Lithium is the raw material for manufacturing latest generation battery for cars, especially electric cars, portable phones, I-pods, personal computers. The fact that Bolivia remains mistress of its resources is a challenge: the country must get out of poor exploitation sign of raw materials, fact which dates from the occupation period by Spanish. For, despite the considerable mining riches they possess – silver, gold, tin – Bolivia remains one of the poorest countries in the world.
Although lithium deposits are expected to bring wealth in Bolivia, nothing is less certain that they will become operational. Since 2008, Bolivia announced it wants to begin operation of this light and soft metal, which is abundant on the surface of its salty lakes in Andes. But 10 years after its neighbour state, Chile, began to do so; Chile is now the first world producer of lithium.
Bolivia does not have even a pilot plant whose operation was announced in late 2010, but in May 2011 it was still under construction! If Evo Morales predicted „a revolution of the global energy die” due to Bolivian lithium exploitation, he announced then that industrial phase of the project is provided barely in 2014-2015, if there will be no delay again…
First, Bolivia must catch up Chile, which supplies at export about 40,000 tons of lithium carbonate annually. Almost 10 times more than the current Bolivian pilot plant capacity. Bolivian State should invest 900 million dollars to develop a competitive industry in the field. Or, funding pilot plant has just collected the 7 million dollars needed for its delayed entry into service and there has to be build other 8 plants for the extraction of lithium carbonate and other mineral components likely to interest chemical or phytosanitary industry (fertilizers of soil), elements as boric acid, chloride and potassium sulphate, etc.
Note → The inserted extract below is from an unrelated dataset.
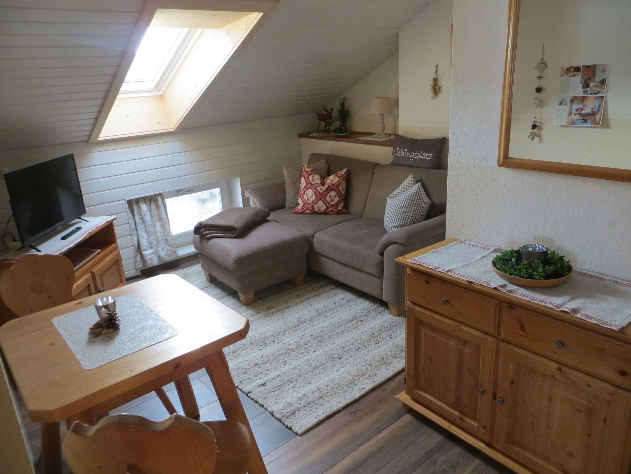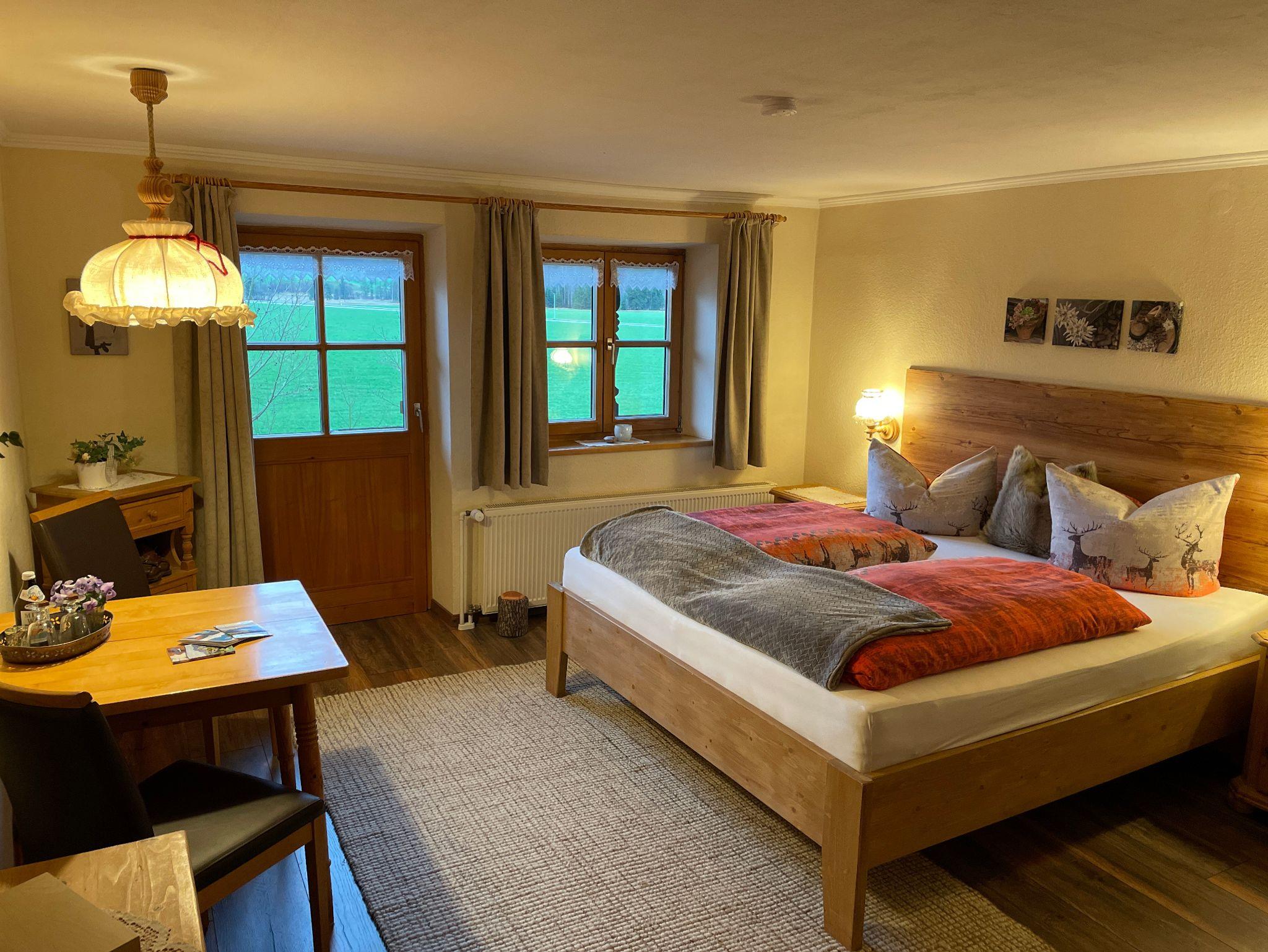 Zimmer im gemütlichen Landhausstil. Großzügiges Wohnen (Wohn- und Schlafraum getrennt), begehbarer Kleiderschrank, großer Balkon mit unverbautem Bergblick, TV, bodenebene Dusche .

Bolivian resources of lithium are considerable – they were estimated to an amount of 24 million tons by American geologists and 100 million tons by Bolivian experts, i.e. about 33 times higher than the Chilean reserves. Their exploitation should not fret local populations who have not yet obtained any benefit from them[7]. Mining activity of the pilot plant has not generated the expected occupation of human resources, about 100 miners of this plant, being delocalized employees by Mining Corporation of Bolivia (for short COMIBOL); operation with one pilot station has not improved at all the locale infrastructures. Electricity, made at great expense in the pilot plant zone is increasingly desired in surrounding villages. Regarding environmental impact, residents and NGOs stir because of the threat to the water resources of the region, especially in the zone Salar de Uyuni.
In this area already very deserted – Salar is the largest salt desert on the planet – it lives mainly from the quinoa culture and tourism. Pilot plant of producing lithium lies not far from the Rio Grande River, a proximity which increases fear of water quality pollution. For now the only solution adopted by COMIBOL to treat mining waste resulting from the extraction of lithium is to store it in a special place on a dried up arm of the river, hoping that the rainy season will not affect their reabsorption into the soil.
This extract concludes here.